Give again, word for word, every line below from the one that has "专题08 整式加减中的化简求值(解析版)" through the one that has "4. Выкруціце балты", both included, and no others.

→ **RECORDS FOR THIS EXERCISE**
BEGIN
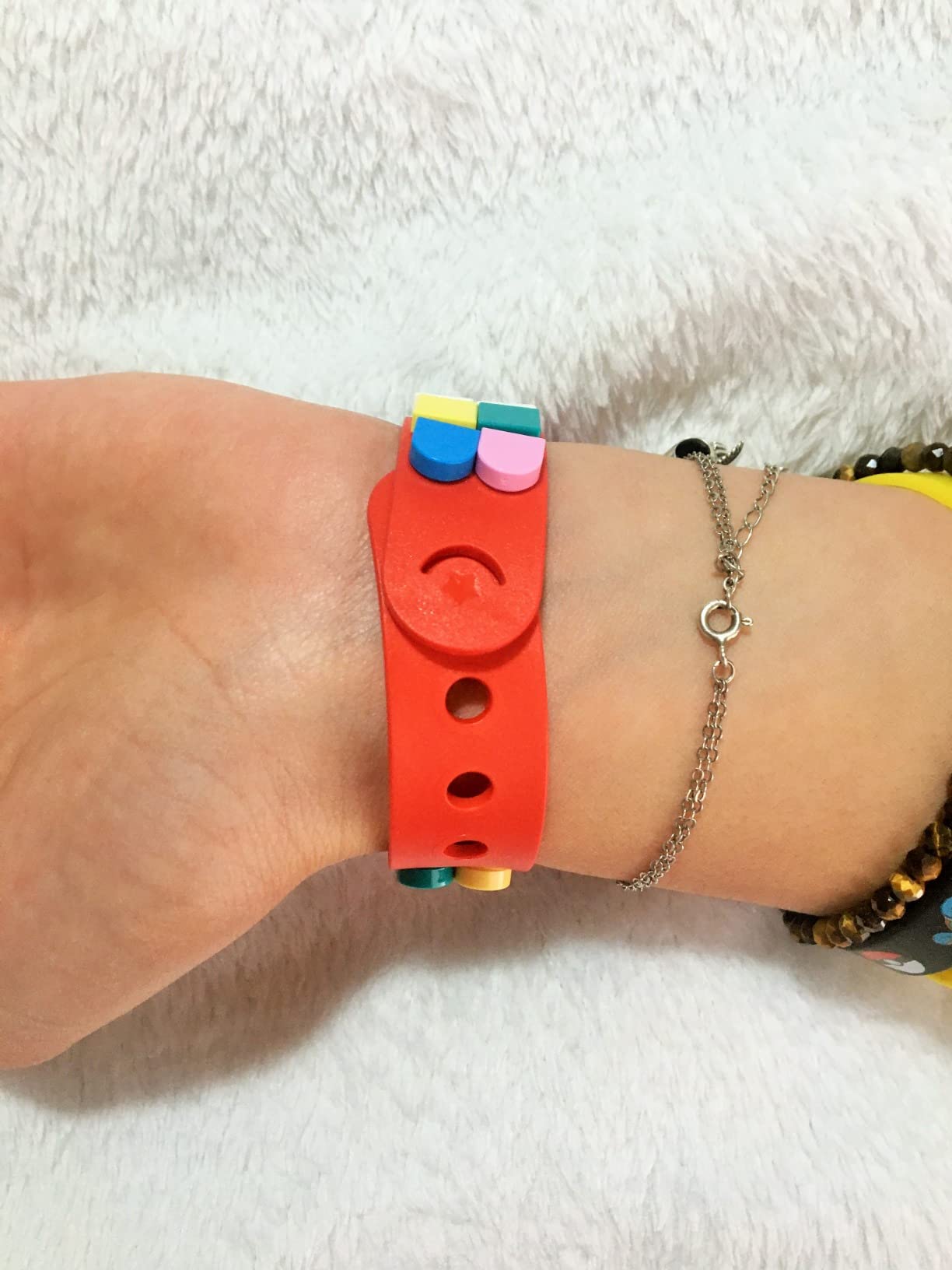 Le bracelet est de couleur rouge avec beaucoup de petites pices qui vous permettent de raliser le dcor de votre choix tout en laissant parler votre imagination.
END
BEGIN
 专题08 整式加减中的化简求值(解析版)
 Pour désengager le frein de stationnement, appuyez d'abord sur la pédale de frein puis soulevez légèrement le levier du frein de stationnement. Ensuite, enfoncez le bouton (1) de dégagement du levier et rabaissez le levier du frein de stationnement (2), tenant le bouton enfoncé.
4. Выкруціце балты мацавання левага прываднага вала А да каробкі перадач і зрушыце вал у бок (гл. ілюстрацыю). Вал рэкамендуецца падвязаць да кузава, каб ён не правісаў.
END
→ **REPLY TO THE EXERCISE**
 专题08 整式加减中的化简求值(解析版)
 Pour désengager le frein de stationnement, appuyez d'abord sur la pédale de frein puis soulevez légèrement le levier du frein de stationnement. Ensuite, enfoncez le bouton (1) de dégagement du levier et rabaissez le levier du frein de stationnement (2), tenant le bouton enfoncé.
4. Выкруціце балты мацавання левага прываднага вала А да каробкі перадач і зрушыце вал у бок (гл. ілюстрацыю). Вал рэкамендуецца падвязаць да кузава, каб ён не правісаў.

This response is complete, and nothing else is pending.